» **Task statement**:
Copy exactly, and only, the lines from the one with "Perhaps it is" to the end of the listing; omit pictures.

» **Dataset section**:
▬▬▬
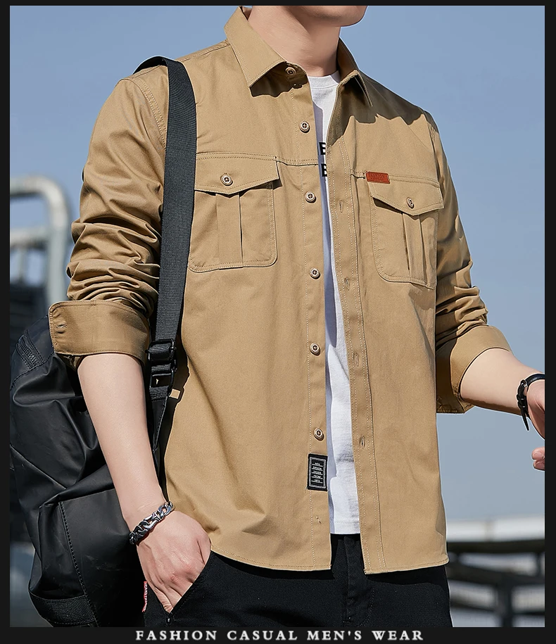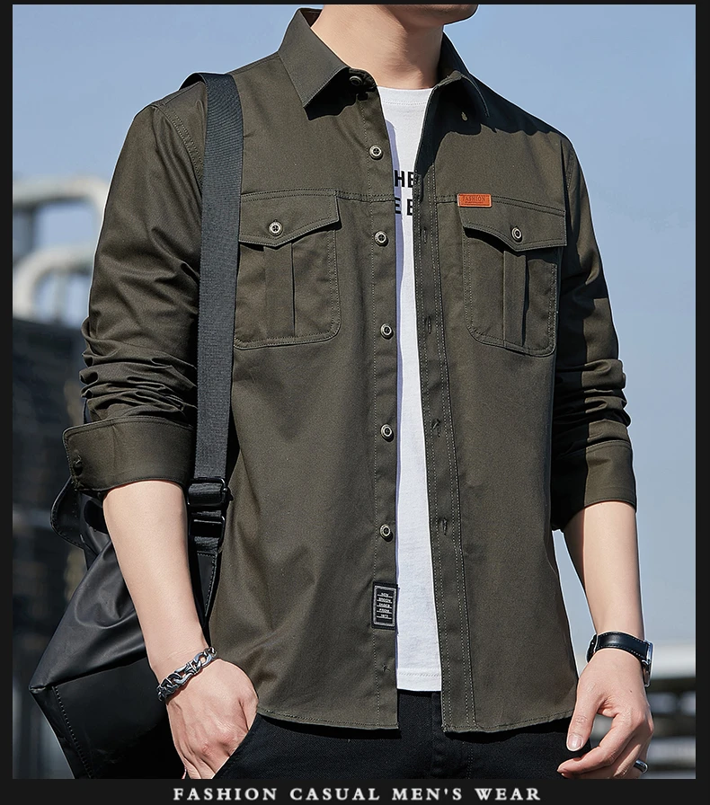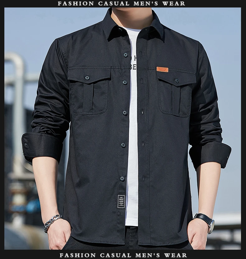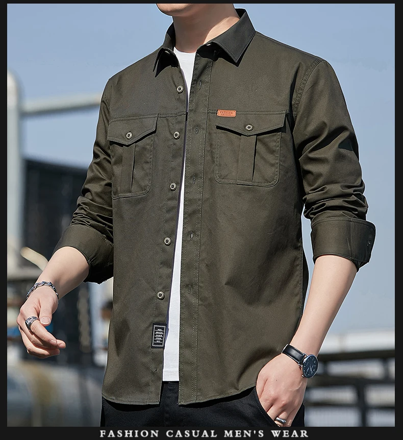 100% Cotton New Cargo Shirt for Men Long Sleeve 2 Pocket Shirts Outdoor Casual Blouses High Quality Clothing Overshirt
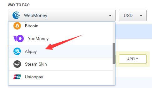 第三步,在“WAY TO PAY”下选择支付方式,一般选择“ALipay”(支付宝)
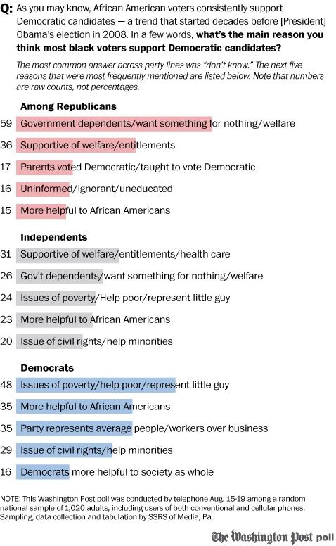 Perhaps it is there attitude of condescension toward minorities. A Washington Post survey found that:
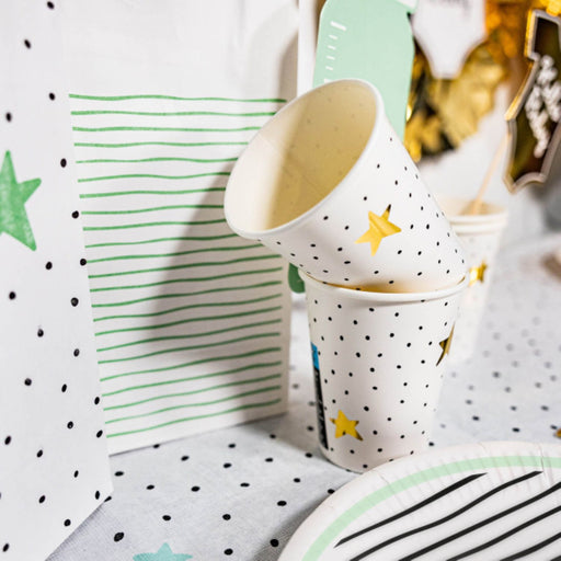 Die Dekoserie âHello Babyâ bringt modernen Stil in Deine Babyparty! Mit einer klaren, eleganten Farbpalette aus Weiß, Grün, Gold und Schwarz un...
▬▬▬
» **Response to this exercise**:
 Perhaps it is there attitude of condescension toward minorities. A Washington Post survey found that:
 Die Dekoserie âHello Babyâ bringt modernen Stil in Deine Babyparty! Mit einer klaren, eleganten Farbpalette aus Weiß, Grün, Gold und Schwarz un...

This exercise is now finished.